___ SUPPLIED INFORMATION

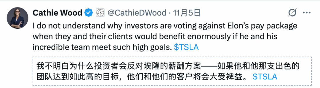 木头姐长期以来一直是马斯克在华尔街忠实的朋友,她认为这些薪酬仅仅是对马斯克创新的奖励而非过度报酬。
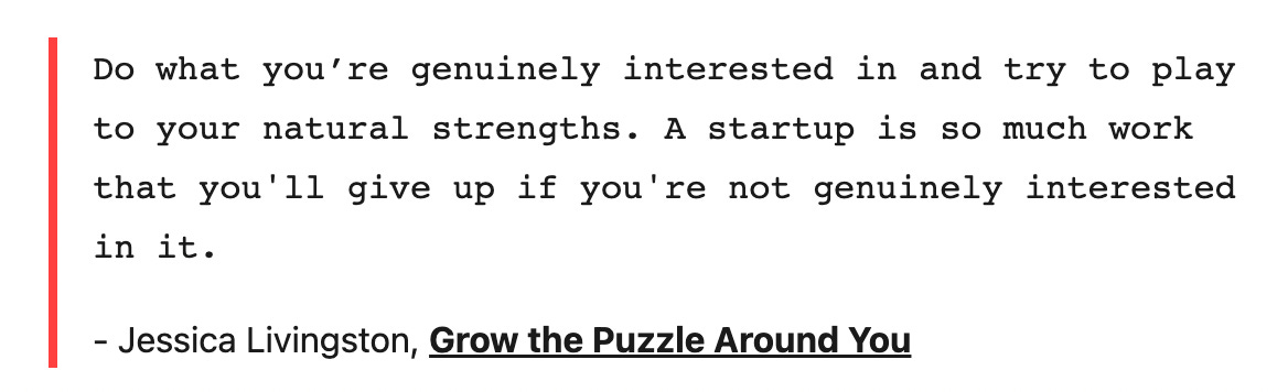 Do what you’re genuinely interested in and try to play to your natural strengths. A startup is so much work that you'll give up if you're not genuinely interested in it.
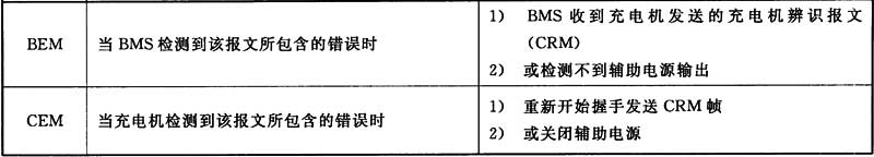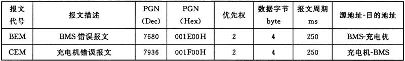 在整個充電階段,當BMS或充電機檢測到存在錯誤時,發(fā)送錯誤報文。錯誤報文應符合表7的要求。
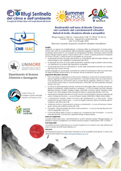 A seguire nel Rifugio Esperia a 1500 m (Cai Modena) ai piedi del monte Cimone, nel Parco del Frignano e Osservatorio CNR “O. Vittori”: Biodiversità nell’area di Monte Cimone nel contesto dei cambiamenti climatici – Metodi di studio, situazione attuale e prospettive.

______

PROBLEM TO SOLVE: Transcribe the data exactly and leave no picture in the copy.

EXERCISE RESULT:
 木头姐长期以来一直是马斯克在华尔街忠实的朋友,她认为这些薪酬仅仅是对马斯克创新的奖励而非过度报酬。
 Do what you’re genuinely interested in and try to play to your natural strengths. A startup is so much work that you'll give up if you're not genuinely interested in it.
 在整個充電階段,當BMS或充電機檢測到存在錯誤時,發(fā)送錯誤報文。錯誤報文應符合表7的要求。
 A seguire nel Rifugio Esperia a 1500 m (Cai Modena) ai piedi del monte Cimone, nel Parco del Frignano e Osservatorio CNR “O. Vittori”: Biodiversità nell’area di Monte Cimone nel contesto dei cambiamenti climatici – Metodi di studio, situazione attuale e prospettive.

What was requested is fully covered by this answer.